The human immune system constantly works to protect the body from a vast array of disease-causing invaders like bacteria, viruses, fungi, and parasites. It must also distinguish between these harmful external threats and the body’s own healthy tissues. This protective function presents a significant challenge: how can a limited set of genetic information prepare for potentially millions of different pathogens the body might encounter throughout a lifetime? VDJ recombination is a biological process that helps the immune system meet this challenge. It enables the creation of diverse recognition tools necessary for a robust defense.
Building a Diverse Immune System
The immune system’s ability to recognize and respond to foreign substances relies on the diversity of its antigen receptors. These unique receptors are found on specialized immune cells called B cells and T cells. B cells produce antibodies, which serve as their receptors, while T cells have T-cell receptors (TCRs). VDJ recombination generates this immense variety from a relatively limited set of inherited genetic material.
The Genetic Assembly Line
VDJ recombination is a complex genetic rearrangement that occurs during the development of B cells in the bone marrow and T cells in the thymus. This process involves the selective joining of different gene segments: Variable (V), Diversity (D), and Joining (J) segments. For instance, in the heavy chain of antibodies and the beta chain of T-cell receptors, a D segment first joins with a J segment. Subsequently, a V segment combines with this newly formed DJ complex, creating a VDJ gene segment. Light chains of antibodies and alpha chains of T-cell receptors undergo a similar VJ recombination, as they lack D segments.
Specialized enzymes, particularly Recombination Activating Genes 1 and 2 (RAG1 and RAG2), initiate this process by recognizing specific DNA sequences called recombination signal sequences (RSSs) that flank the V, D, and J segments. RAG enzymes create precise cuts in the DNA at these signal sequences, generating double-strand breaks. After RAG creates these breaks, cellular DNA repair machinery, specifically the non-homologous end joining (NHEJ) pathway, joins the DNA segments together.
Further diversity is introduced at the junctions where these segments are joined. An enzyme called terminal deoxynucleotidyl transferase (TdT) can randomly add extra nucleotides (N-nucleotides) to these cut ends before they are ligated. This random addition, along with the imprecise joining of the cut ends, significantly expands the potential combinations of V, D, and J segments. The intervening DNA segments between the chosen V, D, and J segments are typically excised and lost during this process.
Immunity Through Recognition
The direct outcome of VDJ recombination is the creation of highly diverse antigen receptors on B and T cells. Once formed, these unique receptors are displayed on the cell surface, ready to specifically recognize and bind to foreign invaders, or antigens. For B cells, the binding of an antigen to its specific antibody receptor activates the B cell. This activation can lead to the B cell differentiating into plasma cells that produce large quantities of soluble antibodies, which then target the pathogen for destruction.
Similarly, T cells use their rearranged T-cell receptors to recognize fragments of antigens presented on the surface of other cells, often infected cells or antigen-presenting cells. This specific recognition triggers the T cell to initiate various defensive actions, such as directly killing infected cells or coordinating other immune cells through chemical signals. The immense diversity generated by VDJ recombination ensures a targeted and effective immune response against a wide range of threats.

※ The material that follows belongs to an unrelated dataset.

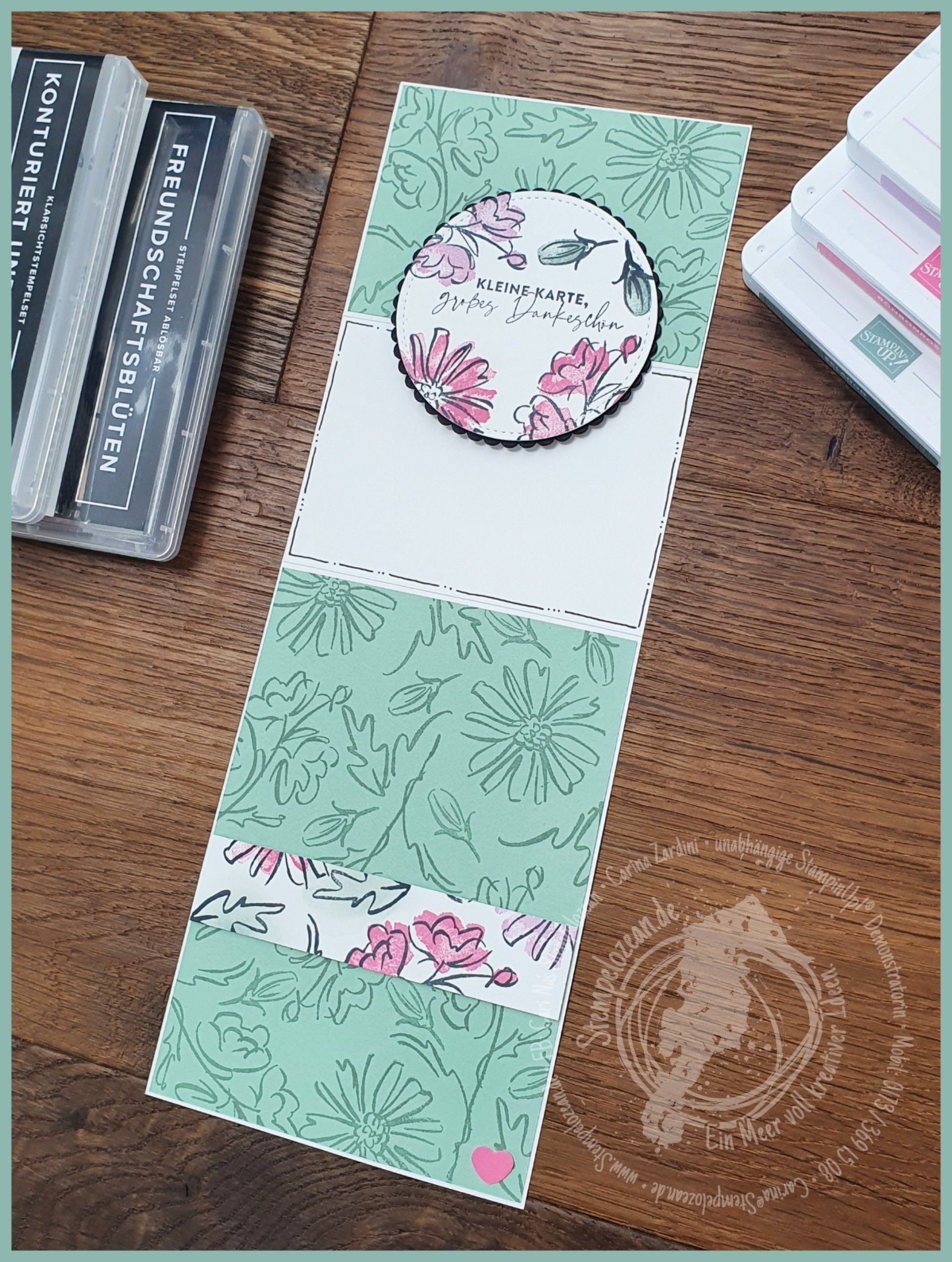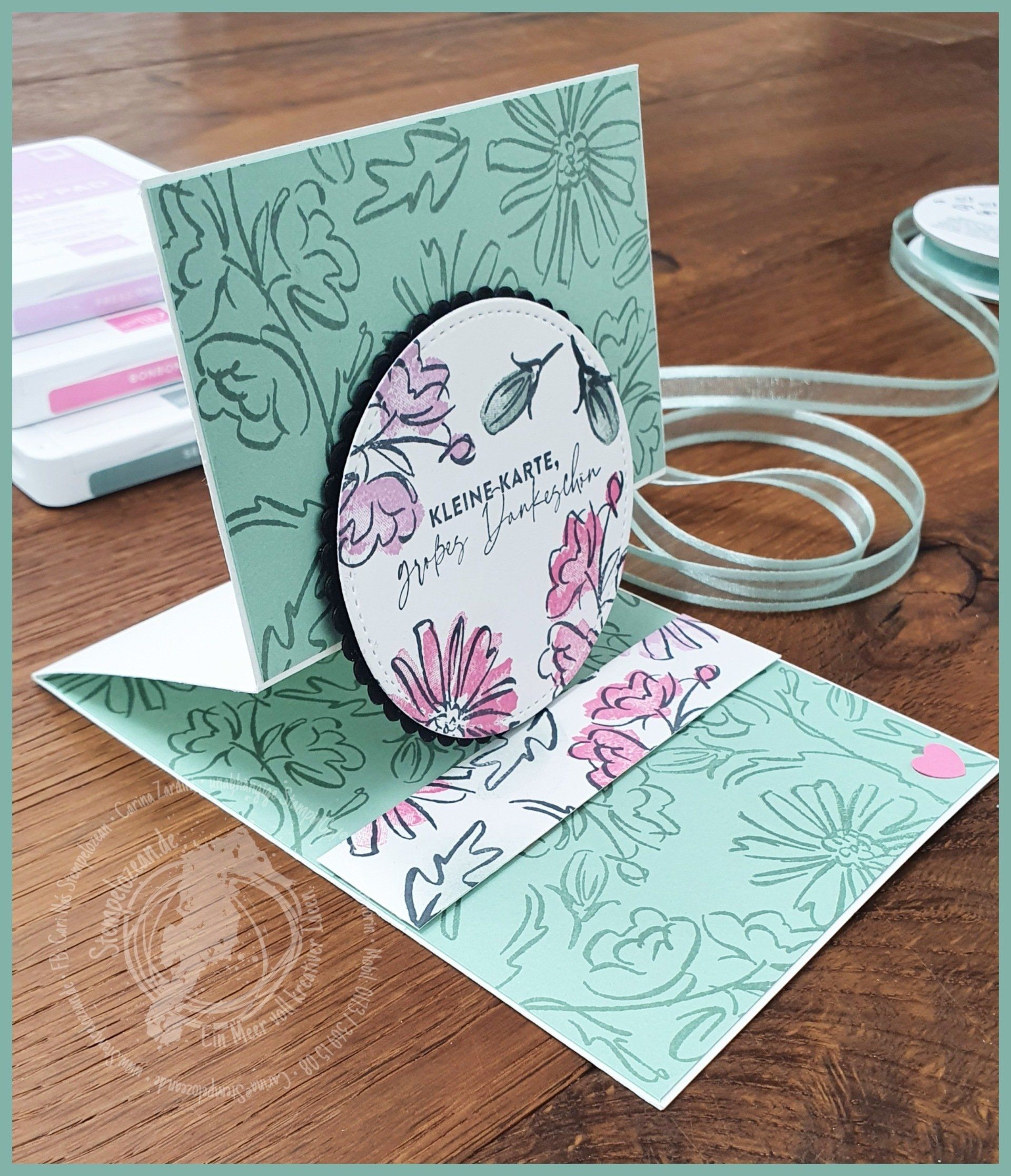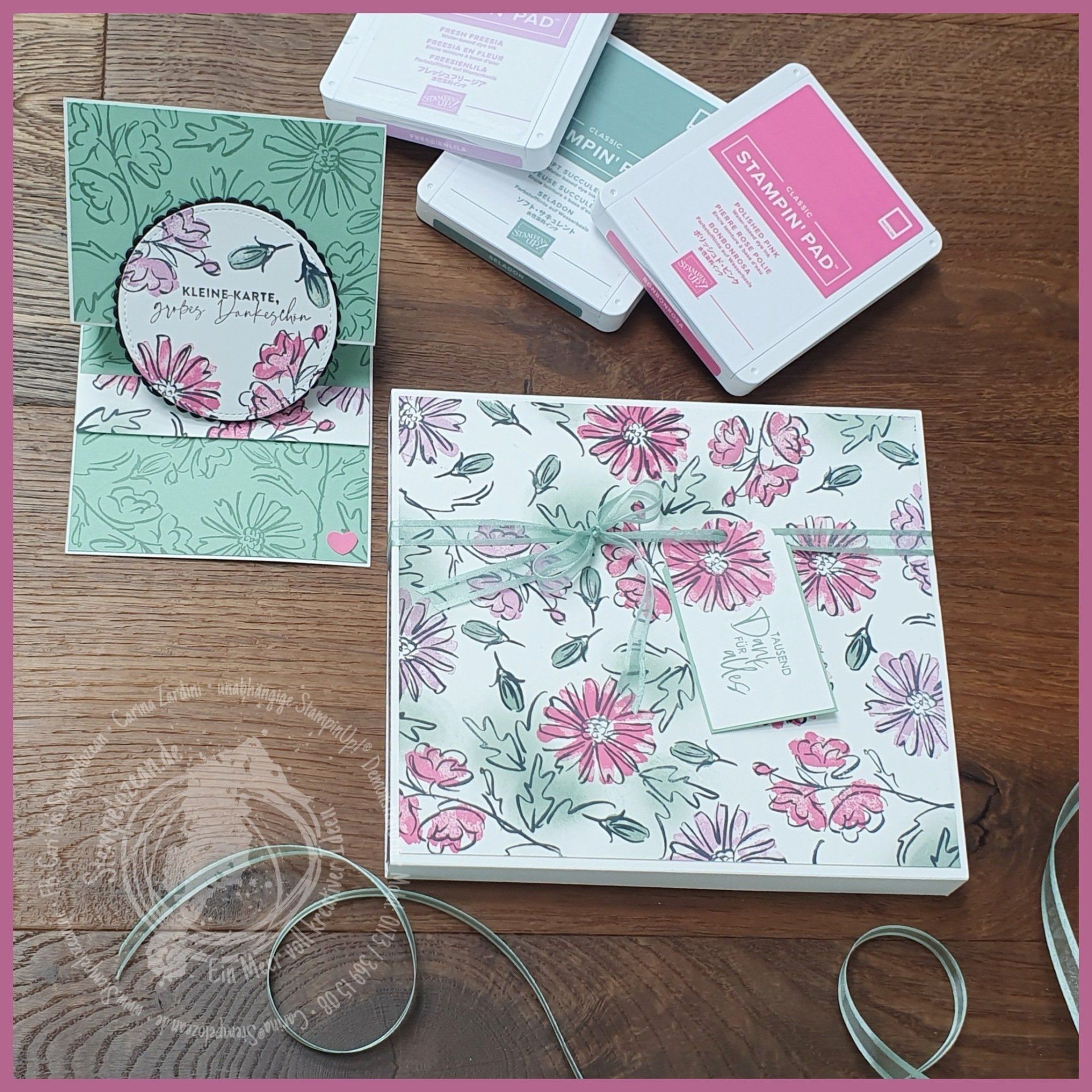 Im heutigen Projekt sind: Bonbonrosa (155712), Freesienlila (155611) und Seladon (155778) in Verbindung mit diesen beiden niegel-nagel-neuen Stempelset´s: "Konturiert und Koloriert" (158358) (1)

When Recombination Goes Wrong
Despite the precision of VDJ recombination, malfunctions can occur, leading to serious consequences for immune health. One such condition is severe combined immunodeficiency (SCID), where defects in the recombination machinery, particularly in RAG genes, result in a severe lack of functional B and T cells. Individuals with SCID are highly susceptible to infections.

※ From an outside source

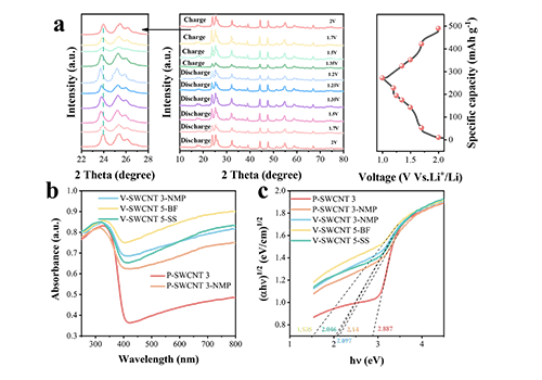 图 6a 与图 S18 分别为 V-SWCNT5-SS 与 V-SWCNT5-BF 电极的原位 XRD 结果:无粘结剂自支撑电极的储锂过程为 Li?在 TNO 晶格间隙与空位中的放电嵌入 / 充电脱嵌;V-SWCNT5-SS 电极的 (-1,0,1) 衍射峰在充放电后恢复至初始位置,表明三维导电网络提升了循环稳定性。通过紫外 - 可见吸收光谱计算各电极的禁带宽度(图 6b-c):与 P-SWCNT3 电极相比,采用 SWCNT 分散液构建导电网络的电极禁带宽度显著降低。对比 V-SWCNT5-BF、V-SWCNT--NMP 与 P-SWCNT3-NMP 电极可知:1. V3?掺杂在费米能级处引入杂质能级,缩小了价带与导带间的能隙;2. 氧空位的引入增加了孤电子数量;3. 无粘结剂设计提升了电荷与离子传输速率。最终,无金属集流体的自支撑电极通过三维蛛网式导电网络进一步提升了 TNO 的电导率,使禁带宽度大幅降低。

In rare instances, errors during VDJ recombination can also lead to unintended chromosomal translocations. This occurs when the DNA cutting and rejoining process goes awry, causing segments of chromosomes to break and rejoin incorrectly with other chromosomes. Such errors can activate oncogenes, genes that can cause cancer. These chromosomal translocations are associated with the development of certain blood cancers, including lymphomas and leukemias. The precise regulation of VDJ recombination is important for preventing these detrimental outcomes.